Confession time: when I was younger I was obsessed with the Olsen Twins. I wanted to be their best friend -- I even used to have dreams that I was their step-sister. To a vain 12 year old with no friends, being friends with a celebrity was the ultimate compliment, coveted enough to make me wake up from those dreams a tiny bit mad at my parents for still being married.
And here we are, years later, and not only did I dine "with" Morgan Freeman recently, but I have three other brushes with celebrities with which to impress you.
1. You may have seen this guy on The Voice this season:
Brian and I went to summer camp together in the 90s. Were we friends?
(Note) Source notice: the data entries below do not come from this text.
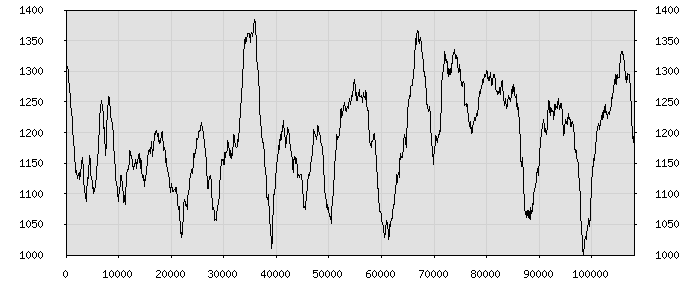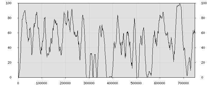 (по горизонтали: счётчик знаков; по вертикали: процент диалогов; размер скользящего окна: знаков, шаг: 1000 знаков) |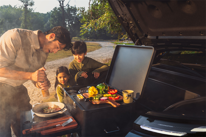 细节便利配置同样拉满,全车设计50处储物空间与12处取电口,满足全家出行需求;176升220V超宽电动前备舱支持防泼可冲洗与拓展配件组合,可秒变露营料理舱或观景露台。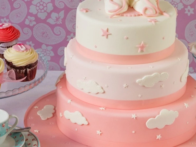Recheie o bolo com a ganaché de chocolate. Cubra com pasta de açúcar que deve adquirir nas lojas da especialidade. Nota: Para fazer um bolo com 3 andares multiplique cada um dos ingredientes por dois e distribua a massa por 3 formas sem buraco e de diferentes diâmetros.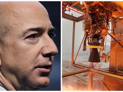 贝索斯(左)成立的太空科技公司研发的火箭引擎,已装配在火箭上(右)。 BE-...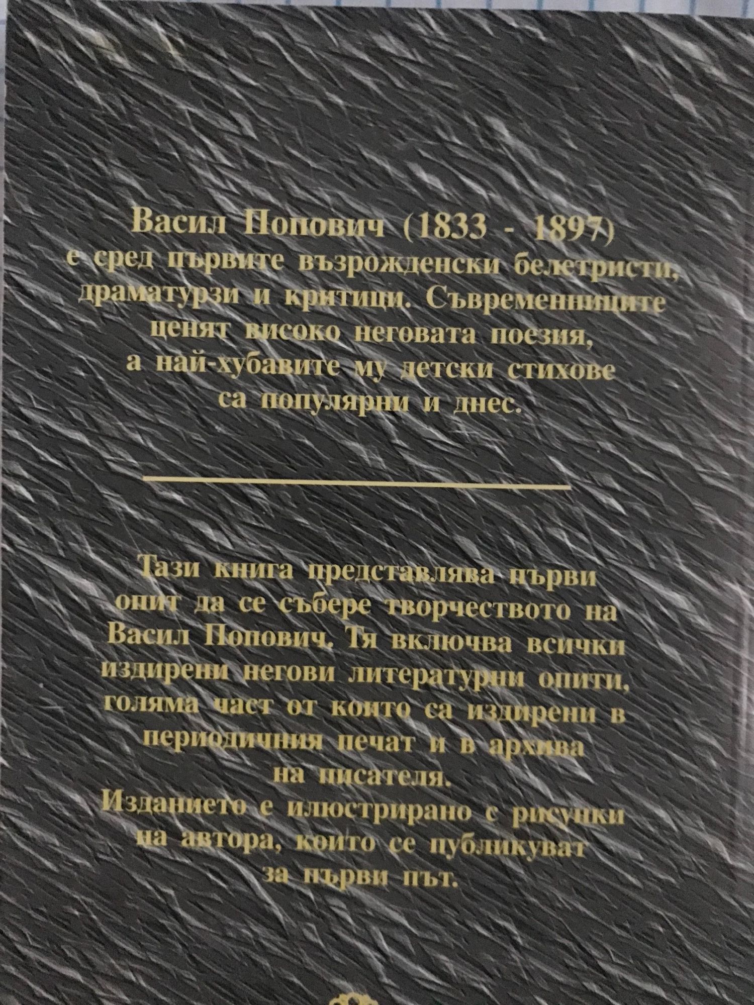 Предлаганото издание е част, несъмнено по-важната, от един по-голям проект, който може да бъде назован по раз лични начини. Напълно допустимо е да се прибягва до думи като възкресение, (пре)откриване, завръщане и пр. - голямата част от произведенията на Васил (Василаки) Попович са практически неизвестни дори и за познавачите на българската литература от XIX в. Въздържам се да използвам подобни патетични думи не само по стилистични причини, но и защото ми се струват неадекватни на мисленето на писателя. Или може би на субективния образ, който съм си изградил за него. Съчиненията на "забравения" възрожденец, заедно с книгата "Васил Попович. Живот и творчество", имат амбицията да добавят важни акценти в съществуващата картина на българската литература и да проблематизират някои съществуващи и почти общоприети представи за нея. Част от непознатите ранни текстове подтикват към преосмисляне на разбиранията за началото на новата белетристика и други утвърдени тези. С несъмнените си достойнства някои от текстовете, струва ми се, имат място в канона на националната словесност. Бих си позволил да прибавя, че творчеството на В. Попович като цяло предлага различни посоки на преосмисляне на българската литература, а и на българската култура, включително и на манталитетите и стереотипите, които съществуват в нея през XIX в. или чрез които българският XX в. чете собственото си минало. Изкушавам се да маркирам въпросите за изграждането на националната митология и нейното проблематизиране, за популярното и елитарното, за сложните взаимоотношения между факт и фикция, между прототипи и литературни персонажи, за психологическите мотиви, които определят тези взаимоотношения. Това изреждане лесно може да бъде продължено. Споменатите проблеми предполагат задълбочено анализиране, при това от различни гледни точки. Опитах се да ги разгледам в спомената книга, но очевидно и в бъдеще ще се връщам към тях. Надявам се, че и други ще го сторят - творчеството на Васил Попович заслужава, да бъде прочетено, за първи път - в неговата цялост.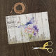 Beautiful, lavender purple dragonfly on rustic, weathered white wood, with pink and purple florals. A "Fresh Flower Market" sign to the left of dragonfly. Perfect for decoupage craft supplies or gift wrap supplies.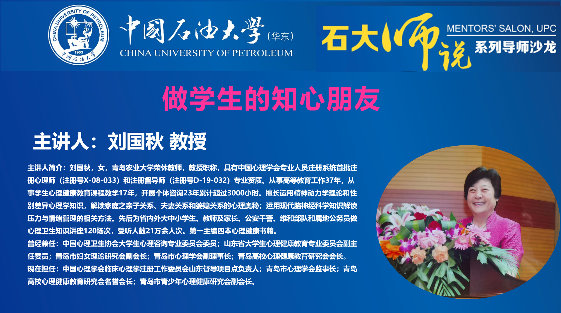 11月27日下午,2022石大师说系列导师沙龙第44期在冰球官网成功举办,本期沙龙特邀请原中国心理卫生协会大学生心理咨询专业委员会委员,原青岛农业大学党委副书记刘国秋教授做了“做学生的知心朋友”专题心理报告。由于疫情原因,会议采用线上形式进行,由宗兆云副院长主持,学院2022年新晋研究生导师和其他导师共同参会。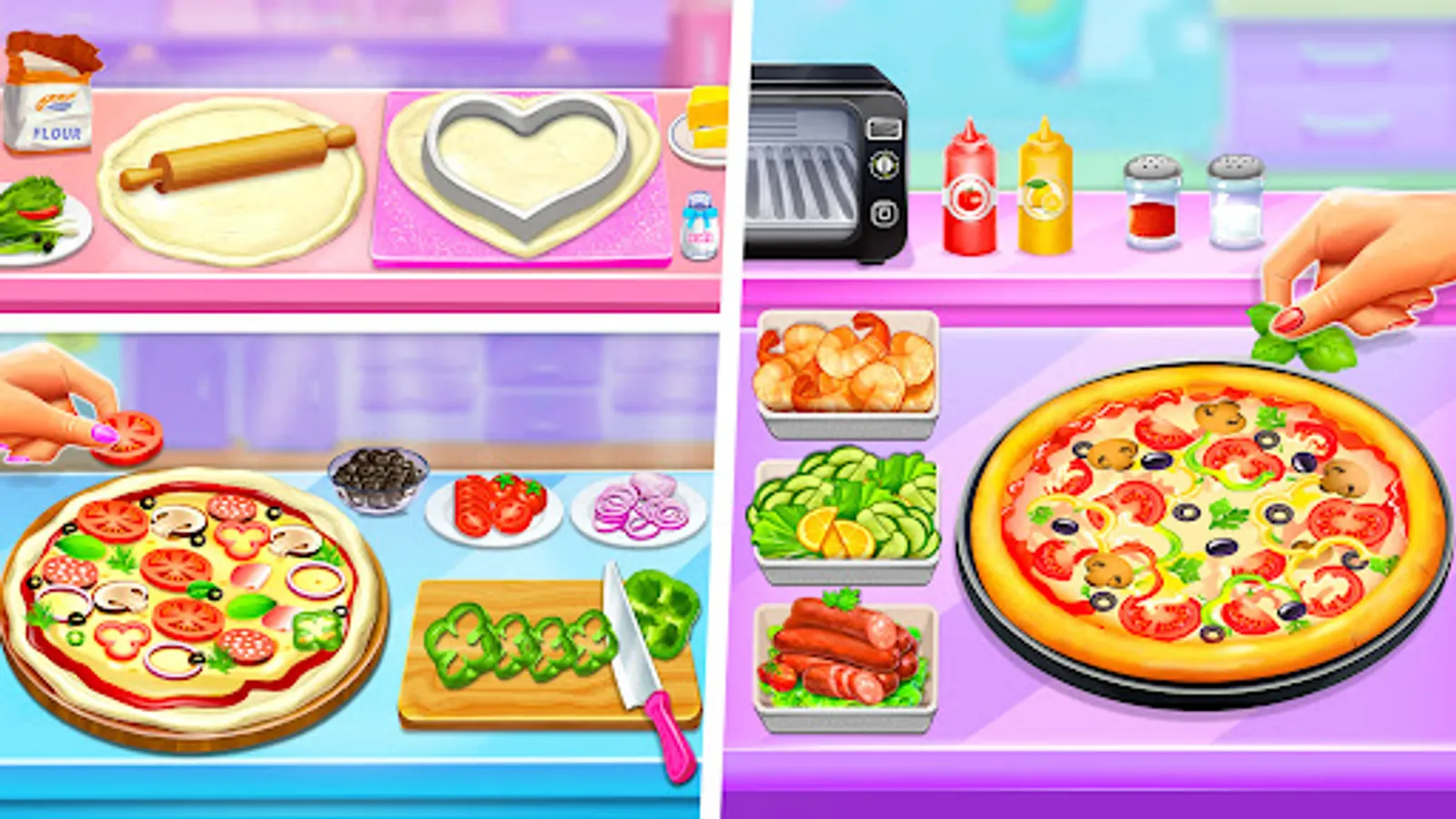 Do you love baking and Pizza Maker Games? Then what are you waiting for! Make the best mouth watering recipes in the baking kitchen. Get ready for the yummy experience! Get your kid busy for hours to make good fast food by playing exciting pizza maker games! Enjoy Pizza cooking games for girls.

The better question may be if we ever spoke. We are the same age (so we were in the same small group), but I guarantee you he doesn't remember me, because he was The Cute Boy and I looked like this:
At least my step-sisters accepted me for who I was.
Anyway, my friend Leila was (and is!) The Cute Girl and had the privilege of calling Brian her boyfriend. I bet they even held hands. But I'm sure she'll tell a better version of that story on her blog soon.
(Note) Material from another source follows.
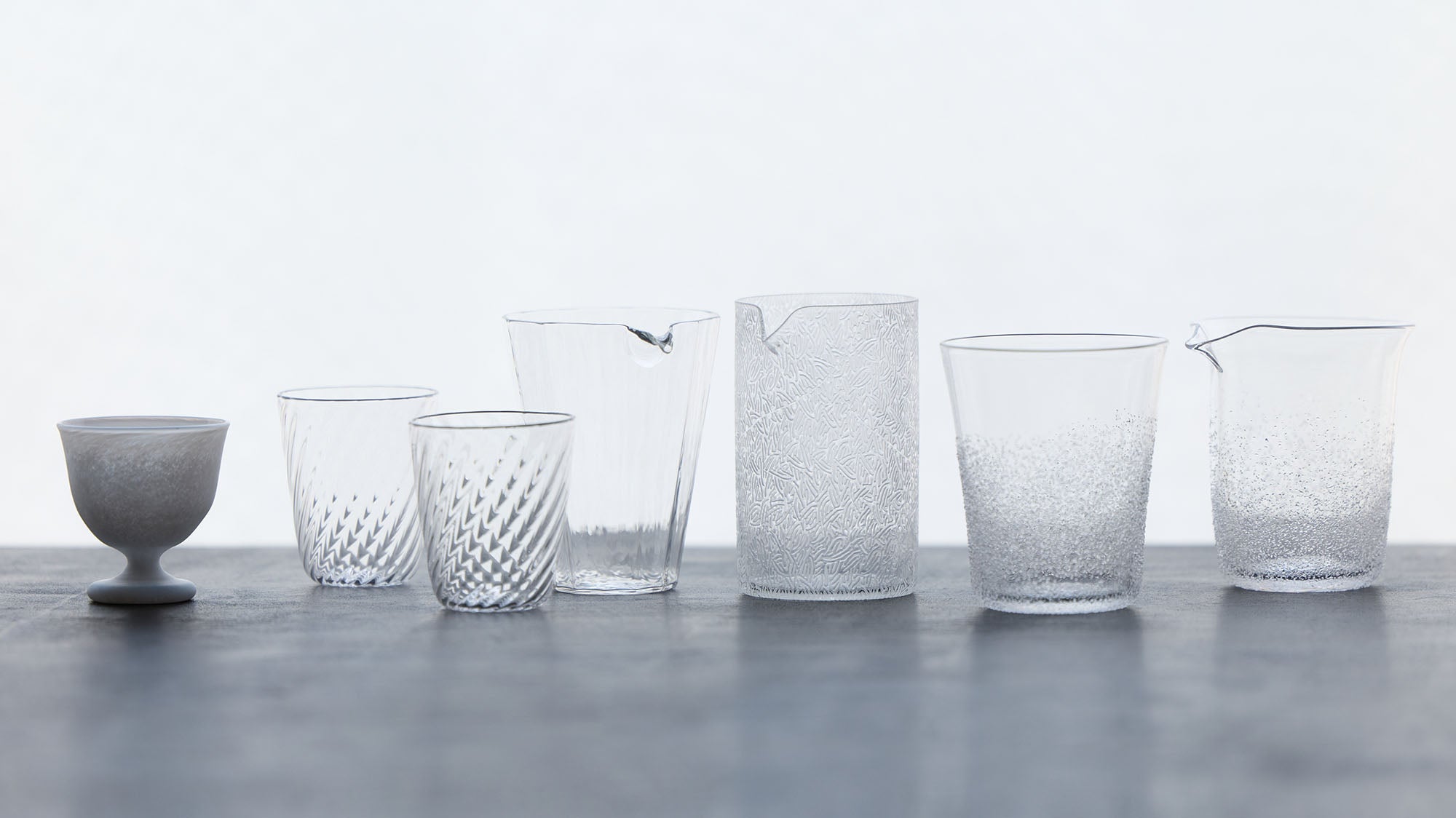 やわらかな陽の光が差し込む朝。手に取るのは、涼やかなガラスの器だ。周囲の光を取り入れて境界を曖昧にしているそれに目覚めの一杯を注げば、水面はまぶしく反射してきらめき、眼の奥がじんわりと刺激され、体はすうっと覚醒してゆく。

2. The man below in the glasses is Bill Joyce, animator and, as of Sunday, Academy Award winning director of The Fantastic Flying Books of Mr. Morris Lessmore.
We don't know each other. But he does live around the corner from me. I have nearly run into the low-hanging branches of the tree in his front yard on many, many occasions, and Ike has resisted the urge to poop on his lawn on many, many occasions. Congratulations on the Oscar win, and thank you, for helping me discover that I have pride in this city.
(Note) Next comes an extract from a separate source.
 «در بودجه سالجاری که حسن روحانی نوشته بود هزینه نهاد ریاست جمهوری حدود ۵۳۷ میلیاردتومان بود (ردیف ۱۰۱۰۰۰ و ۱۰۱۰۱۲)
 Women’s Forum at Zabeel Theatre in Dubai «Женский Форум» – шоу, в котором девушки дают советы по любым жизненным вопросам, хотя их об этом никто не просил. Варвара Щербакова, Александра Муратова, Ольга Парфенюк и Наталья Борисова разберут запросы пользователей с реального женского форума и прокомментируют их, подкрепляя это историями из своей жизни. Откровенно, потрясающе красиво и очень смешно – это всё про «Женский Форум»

3. Perhaps you recognize my friend, fellow book club member, and famous dentist McKenzy?
I know you're all watching Bayou Billionaires (which takes place in the city where we currently live) on CMT. It's a reality show about "a hardworking family of modest means" (some might prefer the term "rednecks") who discover their home sits on a huge natural gas deposit and strike it rich. Naturally, they want new teeth (with diamonds in them!) and there was no better dentist for the job than McKenzy.
I'm still a little bitter that I don't have access to John Stamos and a closet full of oversized old lady afghans (and a billion dollar fortune) but at least I might be able to get a discount on bejeweled dentures. What more could a girl ask for?